In the morning, while full darkness still holds the sun below the horizon and after I have fed the cats and walked the dog, I am free to take the beans from the cupboard, grabbing the grinder with my free hand, tucking a filter under my chin, and spreading them around the coffee maker with its carafe stained with brown varnish and its housing black around the reservoir, and after dumping the previous day’s solidity of compressed wet grounds in the trash, I can begin to grind the fresh, brittle, airy, Italian roasted beans to a fine grit so that the oils are liberated from the pulp until they almost emulsify the grounds in the bottom of the grinder into something like a cookie, a reddish brown, nearly black cookie that clings together in a disk shape I am tempted to bite into but instead crumble into the filter, heaping well beyond the limit line, while the water, I trickle stingily into the pot to brew a strong, sludgy, brutal coffee that will slap me with welterweight hooks on both cheeks and banish the dark from the sky so my eye will wake at last to the sun which finally peeks up from its lid and blinking says, “Hello.”
Just some goofing with long single sentences. I use them in my fiction and occasionally make poems out of long sentences.
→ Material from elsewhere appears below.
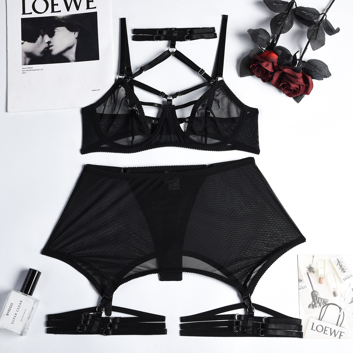 Sexy Underwear Three Piece Bra Steel Ring Binding Nightclub Suit

The short, choppy sentence generally holds sway as the preferred American form, but you’ll find the long sentences in surprising places such as William Carlos Williams.
Aug 30, 2020 Sharing at Writers Pantry #35 at Poets and Storytellers United.

Episode 6 of the PoJo Show — a podcast mixing poetry, spoken word, music, and sound — is now up on the Sound Files page and on my YouTube channel. This show’s theme is Shark Week.
Utterly enthralling. Well, I’m a bit biased – it happens that I came here to read this just after having made my (absolutely essential) morning coffee!
And, now that you point it out, wow, what masterly long, long sentence.
Thank you! I’m not sure how much I’d ever write without coffee, so I owe it a lot.
Ha ha, me too!
i am more of a tea person (in fact i can’t drink coffee) but i understand why a person’s day can be ruined if he can’t have his coffee.
this single sentence poem is awesome (yeah, welterweight hooks) and i think the form is apt because making a coffee should be a continuous process.
A long sentence is perfect for the topic. I always find that when it comes to coffee, an eternity seems to pass from brewing to sipping. I love all the sounds and images and flavors–yum!–this bit evokes. And the closing is perfect. That “Hello” reads like coffee tastes.
Thanks so much for the thoughtful comments. And I agree, that brewing time can feel like an eternity of grogginess.